---
title: "How Video Compression Actually Works (In Plain English)"
author: "Cutsio Team"
date: "2026-05-14"
lastmod: "2026-05-14"
category: "Video Technology"
excerpt: "Video compression achieves 100x to 1,000x size reduction by exploiting how human vision works, removing redundant data, and using mathematical transforms that prioritize what our eyes actually notice. Here is how the technology behind FFmpeg and modern codecs makes video streaming possible."
tags: ["Video Compression", "Codecs", "FFmpeg", "H.264", "AV1", "Video Technology"]
---

## How does video compression achieve 1,000x size reduction?

Video compression achieves 1,000x size reduction by exploiting three fundamental principles: spatial redundancy (neighboring pixels are often similar), temporal redundancy (adjacent frames are often nearly identical), and perceptual redundancy (details invisible to the human eye can be discarded without affecting perceived quality).

A single frame of uncompressed 4K video at 30 frames per second requires roughly 700 megabytes per second of data. That is 2.5 terabytes per hour. Streaming that over an average internet connection would be impossible. The same video encoded with a modern codec like AV1 might use 5 to 10 megabits per second — a reduction of over 99.9%.

This compression is not lossless. Unlike a ZIP file where the decompressed data is identical to the original, video compression discards information. The goal is to discard only the information that humans will not notice is missing. "Compression is not like a ZIP," as the FFmpeg developers explain. "With a ZIP, you have data in, you get data out, and you try to arrive at the mathematical limit. Here we are degrading the signal. We need to degrade in the best way possible."

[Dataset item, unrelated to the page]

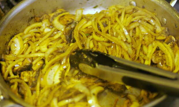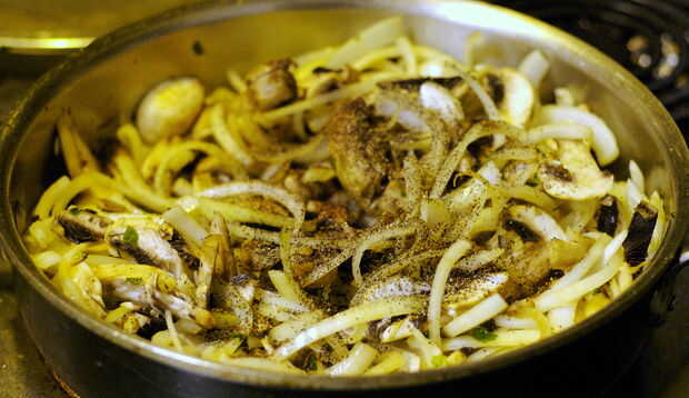 Cortar 2-3 cebollas en razonablemente fino (~1/4 ") medios anillos de espesor y agregar a la olla. Cortar un puñado grande (o dos) de hongos y añadirlos también. Espolvorear con sal y pimienta y tal vez un poco de polvo de Chile ancho si eres un fan.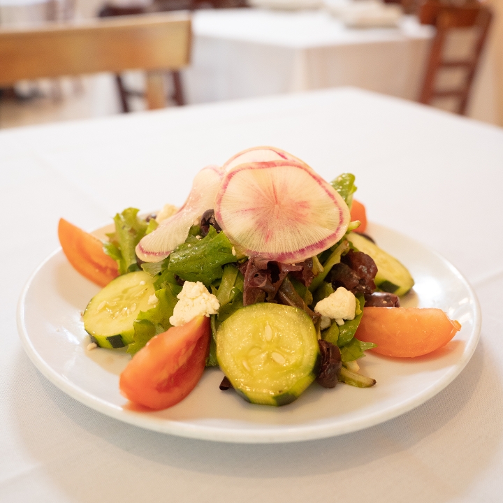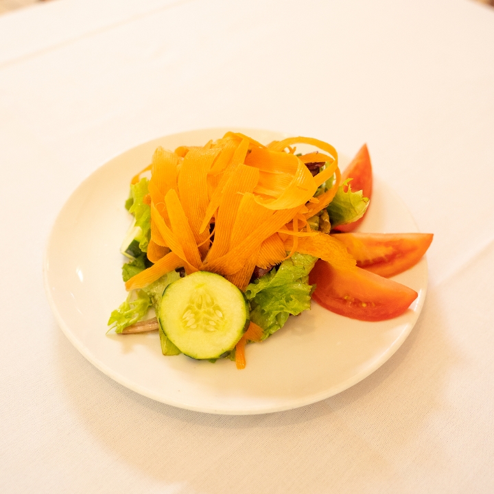 Baby lettuce, Roma tomatoes, carrots, cucumbers, balsamic dressing. (GF)

The entire field of video compression is built on the intersection of signal processing, human perception, and computational efficiency. Every codec represents a different set of trade-offs between these three factors, and each generation of codec finds new ways to push the boundaries of what can be discarded without the viewer noticing.

## What is the difference between a container and a codec?

A container is the file format that holds video, audio, subtitles, and metadata together, while a codec is the algorithm that compresses and decompresses the actual video data — and confusing the two is one of the most common mistakes in video.

The most common confusion is between MP4 and H.264. MP4 is a container format. H.264 is a video codec. When people say "an MP4 file," they usually mean a file that uses an MP4 container with H.264 video and AAC audio. But technically, an MP4 container can hold any codec, and H.264 video can be stored in many containers including MOV, MKV, and even AVI.

The confusion is perpetuated by the naming conventions of the standards bodies. H.264 is technically called MPEG-4 Part 10, which sounds like it should be related to MP4. But MPEG-4 is a meta-specification that covers multiple parts, including the MP4 container format (Part 14) and multiple video codecs (Part 2 and Part 10). "It is completely the fault of the industry to make things difficult to understand," the FFmpeg developers acknowledge.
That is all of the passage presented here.